Саммерли пожал плечами.

— Откуда нам знать? Ради какого-то неведомого нам замысла — а человек появился лишь случайно, как побочный продукт этого процесса. Рассуждая подобным образом, вы напоминаете пену на поверхности океана, которая сочла, что океан был создан для того, чтобы появилась и существовала она, или церковную мышь полагающую, что это здание возведено именно для нее.

Я старался записывать каждое их слово, но вскоре обмен репликами стал перерастать в обычный шумный спор, пестрящий сложными научными терминами. Несомненно, это большая честь слушать, как такие умы спорят о высоком; но поскольку им никак не удавалось найти общий язык, то простые люди, — такие как мы с лордом Джоном, — не могли почерпнуть для себя из этого представления ровным счетом ничего. Они пытались нейтрализовать друг друга, а мы остались предоставлены сами себе и уже мало что понимали. Наконец шум смолк, Саммерли вжался в свое кресло, тогда как Челленджер продолжал сидеть у микроскопа, крутить колесико и медленно, тихо и невнятно ворчать, словно море после шторма. Ко мне подошел лорд Джон, и мы вместе стали вглядываться в темноту ночи.

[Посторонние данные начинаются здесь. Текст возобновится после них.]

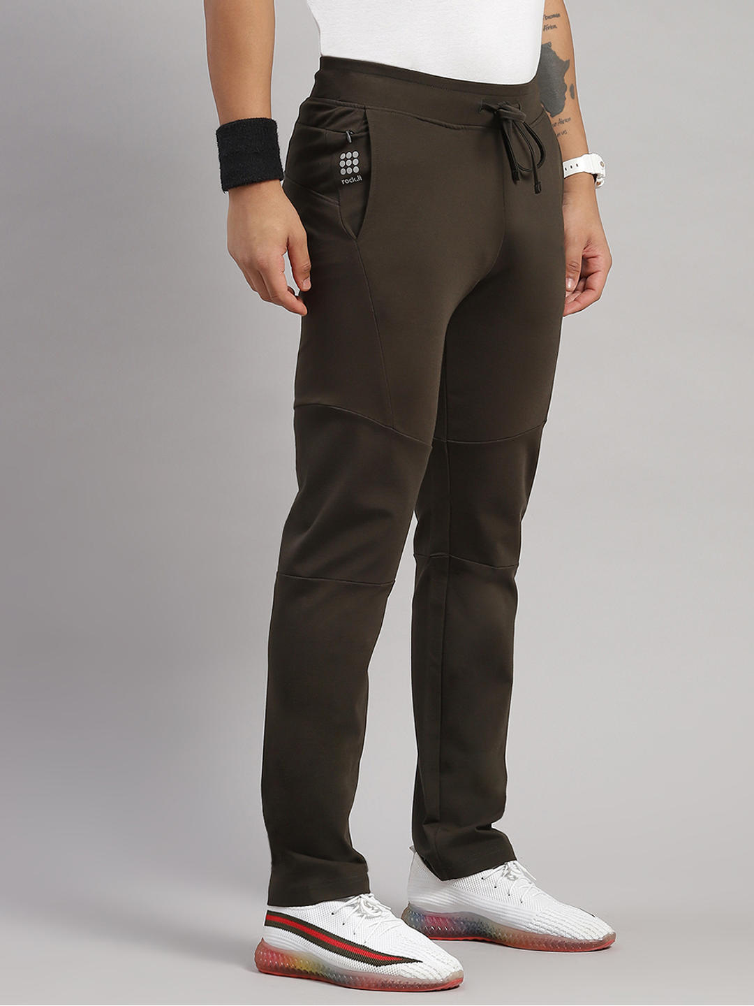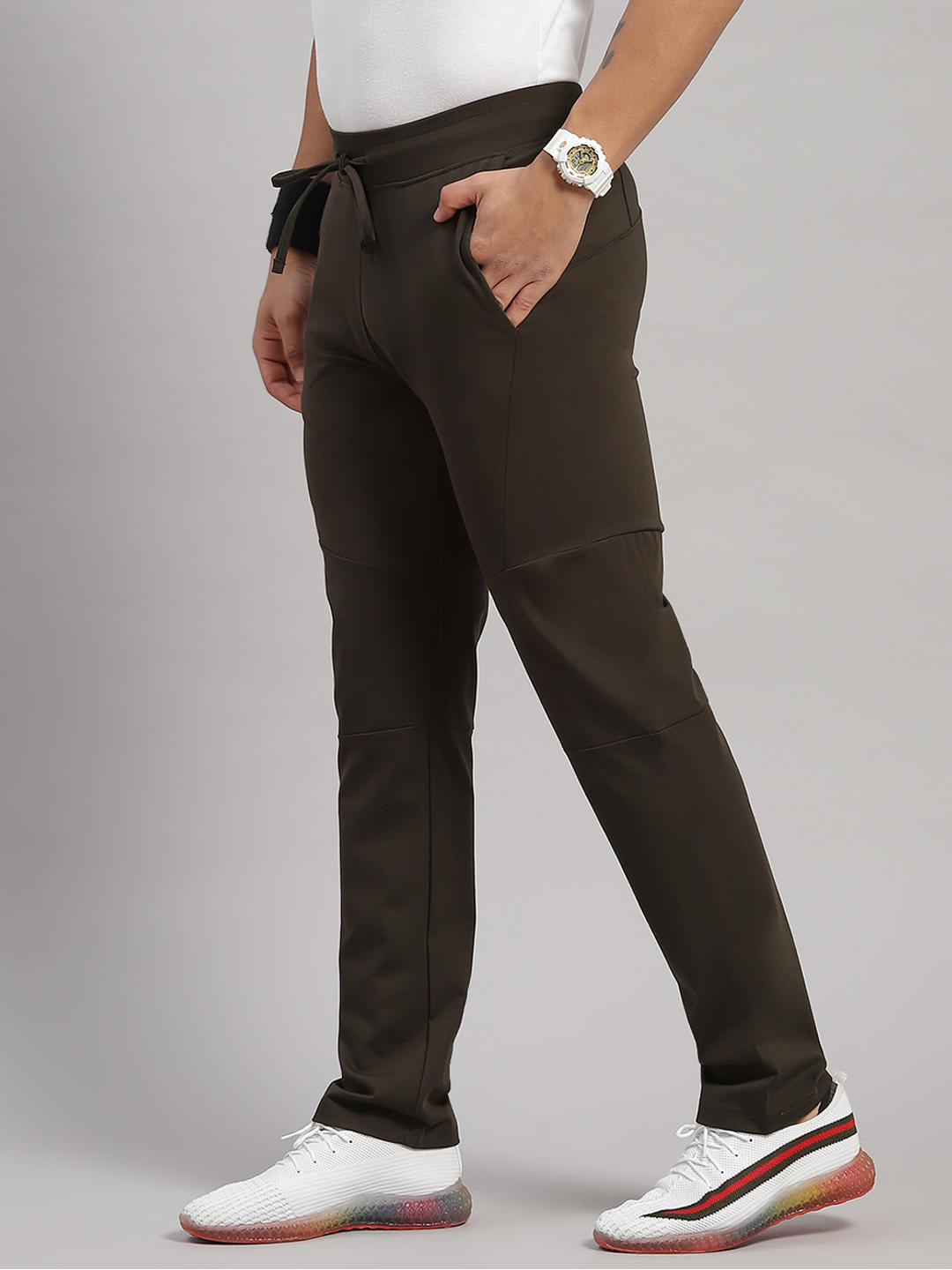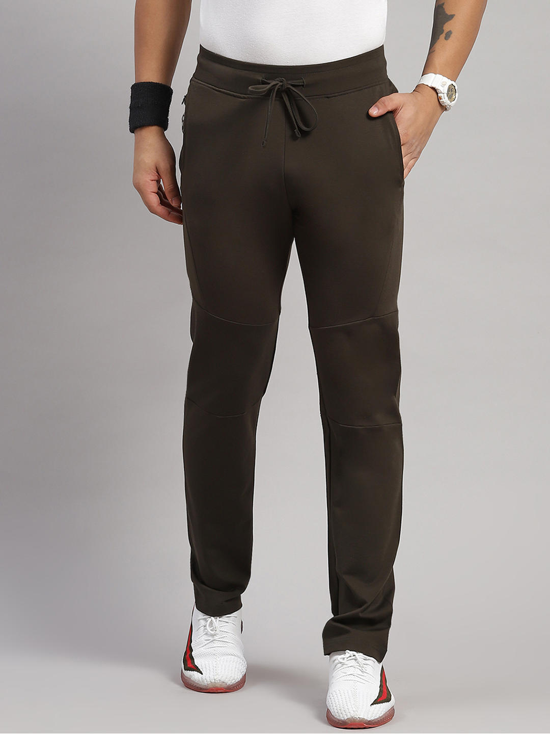 Men Polyester Blend Olive Solid Lower
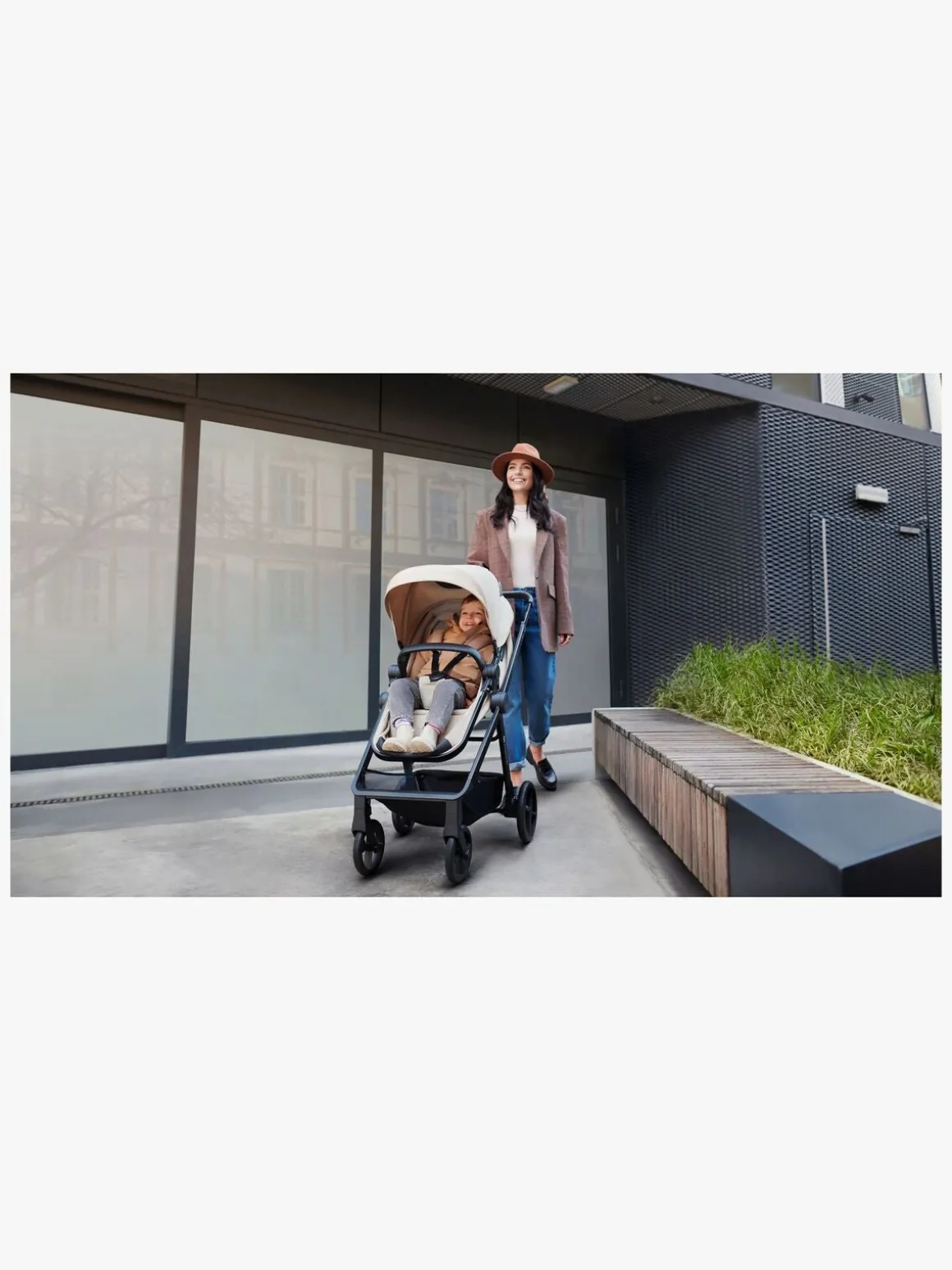 – Stor kaleche med vandtæt belægning og UPF50+.
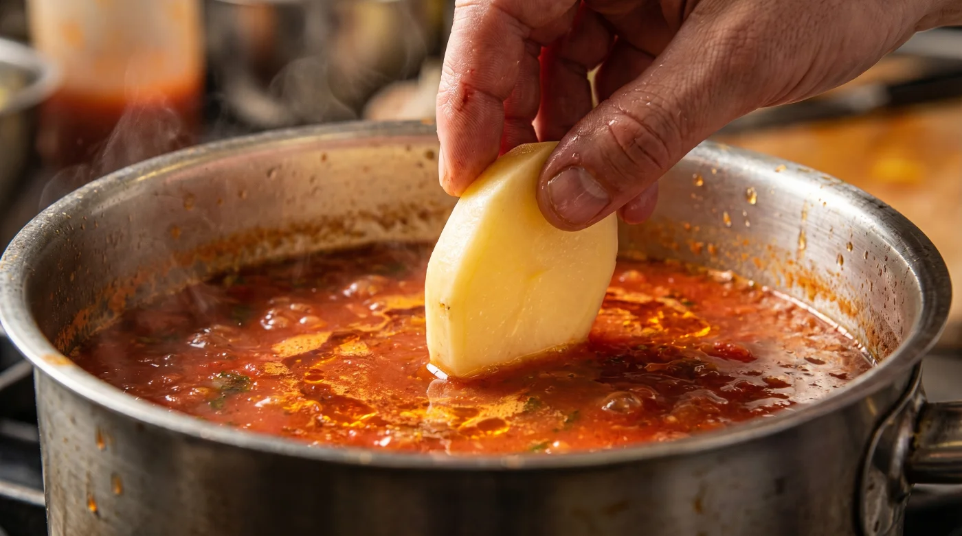 La verdadera cocina, la que ocurre en el día a día lejos de los reflectores, no se trata de no cometer errores, sino de saber cómo absorber el caos sin perder la postura. Hay un ingrediente humilde, terroso y siempre presente en el fondo del cajón oscuro de la alacena que funciona como una esponja biológica de emergencia. Una simple papa cruda puede transformar un desastre inminente, salvando esos 200 pesos de ingredientes, para devolverte un caldo redondo y equilibrado, todo sin sacrificar un gramo de la esencia de tu receta.
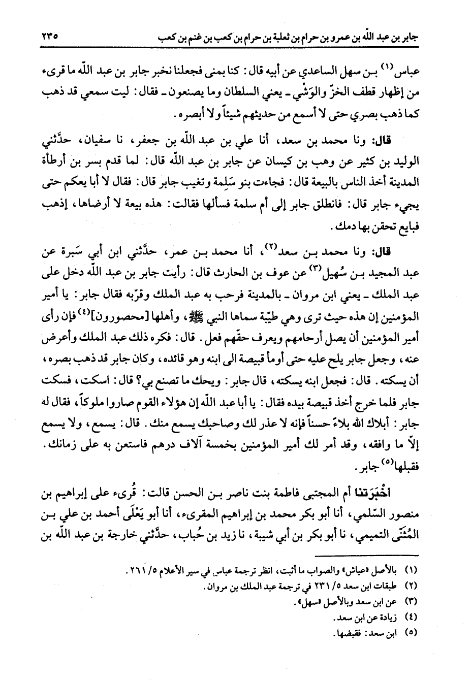عباس (1) بن سهل الساعدي عن أبيه قال كنا بمنى فجعلنا نخبر جابر بن عبد الله ما قرئ من إظهار قطف الخز والوشي يعني السلطان وما يصنعون فقال ليت سمعي قد ذهب كما ذهب بصري حتى لا أسمع من حديثهم شيئا ولا أبصره قال ونا محمد بن سعد أنا علي بن عبد الله بن جعفر نا سفيان حدثني الوليد بن كثير عن وهب بن كيسان عن جابر بن عبد الله قال لما قدم بسر بن أرطأة المدينة أخذ الناس بالبيعة قال فجاءت بنو سلمة وتغيب جابر قال فقال لا أبايعكم حتى

В черном небе висела бледная молодая луна — последняя, которую увидит человек, — и очень яркие звезды. Даже в чистом воздухе на плато в Южной Америке я никогда не видел таких. Возможно, изменения эфира каким-то образом повлияли на их свет. Погребальный костер Брайтона все еще пылал, а вдалеке, в небе на западе виднелось другое алое зарево, которое, видимо, свидетельствовало о подобном пожаре в Эранделе или Чичестере[156], а может, даже в Портсмуте[157]. Я сидел, размышляя и изредка делая кое-какие заметки. Воздух был наполнен сладкой меланхолией. Юность, красота, благородство, любовь — неужели этому всему наступил конец? Залитая звездным светом Земля казалась миром грез, полным мягкого спокойствия. Кто бы мог подумать, что однажды она превратится в Голгофу, усеянную человеческими телами? И вдруг я заметил, что смеюсь.